# How do I change foods quickly?



## Denise106 (Aug 7, 2010)

Hi there,
Our dog, Emma, has been eating Eukanuba Naturally Wild (the venison and sweet potato formula) for about a year. She has a super sensitive tummy, and a VERY picky eater. We're out of food, so ran out to get some more... only to discover that it's been recalled. After (not a lot of helpful) advice from the staff at the pet store, we purchased another brand that is venison. Now I'm not sure that's the best idea. I've always read that it's not a good idea to change foods so suddently. Should I just make her hamburger and rice until we can get her back to her regular food? 

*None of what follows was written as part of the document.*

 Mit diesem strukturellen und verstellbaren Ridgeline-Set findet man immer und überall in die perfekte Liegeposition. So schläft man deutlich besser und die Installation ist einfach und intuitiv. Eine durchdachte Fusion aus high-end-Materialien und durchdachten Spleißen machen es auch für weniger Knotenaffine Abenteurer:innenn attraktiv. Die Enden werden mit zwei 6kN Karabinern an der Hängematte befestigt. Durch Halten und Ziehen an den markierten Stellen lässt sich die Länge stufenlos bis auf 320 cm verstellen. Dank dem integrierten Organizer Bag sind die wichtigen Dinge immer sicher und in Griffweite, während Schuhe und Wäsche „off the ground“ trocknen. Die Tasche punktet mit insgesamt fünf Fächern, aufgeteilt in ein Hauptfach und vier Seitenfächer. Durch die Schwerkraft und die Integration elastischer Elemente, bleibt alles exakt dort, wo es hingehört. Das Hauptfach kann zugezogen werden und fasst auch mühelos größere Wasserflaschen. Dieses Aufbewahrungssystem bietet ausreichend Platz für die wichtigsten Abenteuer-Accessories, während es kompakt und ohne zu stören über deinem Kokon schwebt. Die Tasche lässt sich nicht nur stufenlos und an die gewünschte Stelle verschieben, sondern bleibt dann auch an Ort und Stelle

Interestingly, we were going to buy just a small bag today and slowly start changing her food to a different brand. We DO have that, but I hate to change her to that completely (if it makes her sick we won't know if it was the sudden change, or the new food). 

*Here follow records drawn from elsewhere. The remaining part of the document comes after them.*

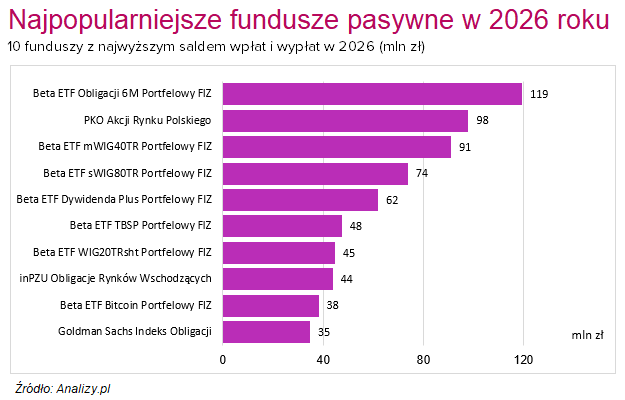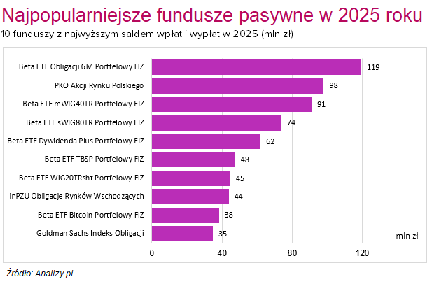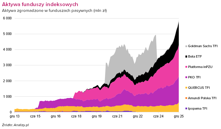 Największy udział w pasywnym torcie utrzymała platforma inPZU z 22 funduszami indeksowymi, przekraczając barierę 2,0 mld zł. Drugie miejsce zajmuje PKO TFI ze swoimi 5 subfunduszami (1,7 mld zł), a trzecie – BETA TFI, która pod skrzydłami AgioFunds TFI jako jedyna polska instytucja oferuje fundusze ETF (1,5 mld zł). W 2025 roku dwie pierwsze instytucje powoli traciły jednak udział w pasywnym rynku na rzecz BETA TFI, która notuje najwyższą dynamikę aktywów. W rok powiększyła aktywa pod zarządzaniem ponad dwukrotnie, zwiększając swój udział z 19% do 26% w grudniu 2025 roku.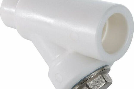 Фильтр с корпусом из полипропилена и сетчатым элементом из нержавеющей стали марки AISI 304, предназначенный для очистки транспортируемой жидкости от нерастворимых примесей размером от 300 мкм. Используется в составе систем из полипропиленовых труб c рабочей температурой до 90 градусов Цельсия и при номинальном давлении (PN) 25 бар. Пробка и закладная деталь фильтра выполнены из латуни марки CW617N, никелированы, уплотнительная прокладка - из синтетического каучука EPDM. Монтаж фильтра производится методом раструбной сварки. Присоединения - внутреннее/наружное.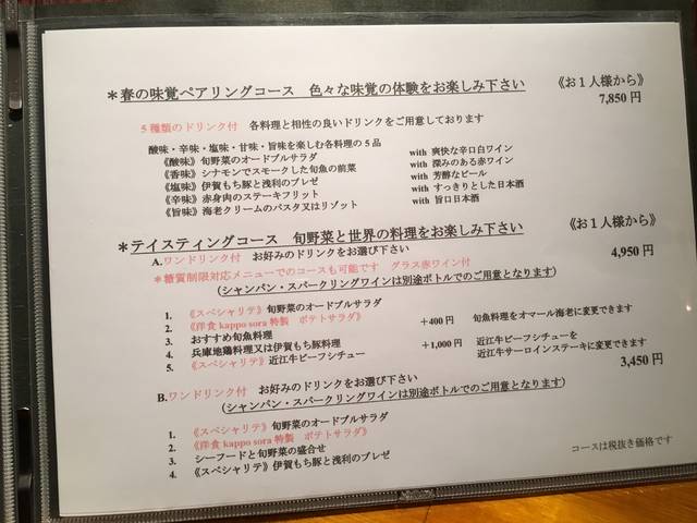 「酸味・香味・塩味・辛味・旨味」を愉しむ5品に、相性の良い醸造酒を合わせた「春の味覚ペアリングコース」¥7850をいただきました。

AHH! So many decisions! Any suggestions would be GREATLY appreciated. THANK YOU!!!


----------



## chowder (Sep 7, 2008)

Dogs are tougher then you think. We ran out of dog food during a hurricane and fed the dogs whatever was defrosting in the freezer. They were thrilled and did just fine for a week until the power was restored and the roads were cleared and we could get back to the stores. 

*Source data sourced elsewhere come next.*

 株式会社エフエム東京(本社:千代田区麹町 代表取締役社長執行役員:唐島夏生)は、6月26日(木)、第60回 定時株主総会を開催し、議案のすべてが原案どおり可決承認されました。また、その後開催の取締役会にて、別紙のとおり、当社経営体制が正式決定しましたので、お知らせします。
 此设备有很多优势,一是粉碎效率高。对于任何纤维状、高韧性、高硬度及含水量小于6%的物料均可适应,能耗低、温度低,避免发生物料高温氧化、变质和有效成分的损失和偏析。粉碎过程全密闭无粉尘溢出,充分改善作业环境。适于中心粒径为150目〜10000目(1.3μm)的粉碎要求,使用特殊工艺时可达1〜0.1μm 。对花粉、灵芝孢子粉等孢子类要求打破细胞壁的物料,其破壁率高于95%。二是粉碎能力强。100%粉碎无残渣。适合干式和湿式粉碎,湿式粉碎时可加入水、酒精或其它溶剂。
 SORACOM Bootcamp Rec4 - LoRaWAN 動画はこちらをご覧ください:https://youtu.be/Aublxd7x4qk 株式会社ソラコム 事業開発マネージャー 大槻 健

When I got my puppy from the rescue he was on Science Diet and had coccidia. I did a sudden switch to the new food I wanted him on since he was sick with diarrhea anyway and I wanted him off Science Diet. I added some canned pumpkin to his new food and switched him right away and he did fine in a few days.

Since your old food is recalled, I would go ahead and switch to the new food that you want to be using and maybe mix in some canned pumpkin or chicken and rice to prevent any diarrhea or stomach upset. I have used Evangers Canned chicken and rice food and it's worked really well for helping with any diarhea issues from upset stomachs. Chicken might work better then hamburger for most dogs. Be sure and use plain canned pumpkin, not pumpkin pie mix. Good luck.


----------



## Charlie Watts (Aug 7, 2010)

*We were on Naturally Wild Too*

We have about 1-2 weeks left of our Venison. Our English Bullie had been on it for 4 months, and doing VERY well. I don't have to transition so quickly, but have just gone and gotten samples of Evangers, Holistic Select Radiant Adult Heath Lamb and Abady.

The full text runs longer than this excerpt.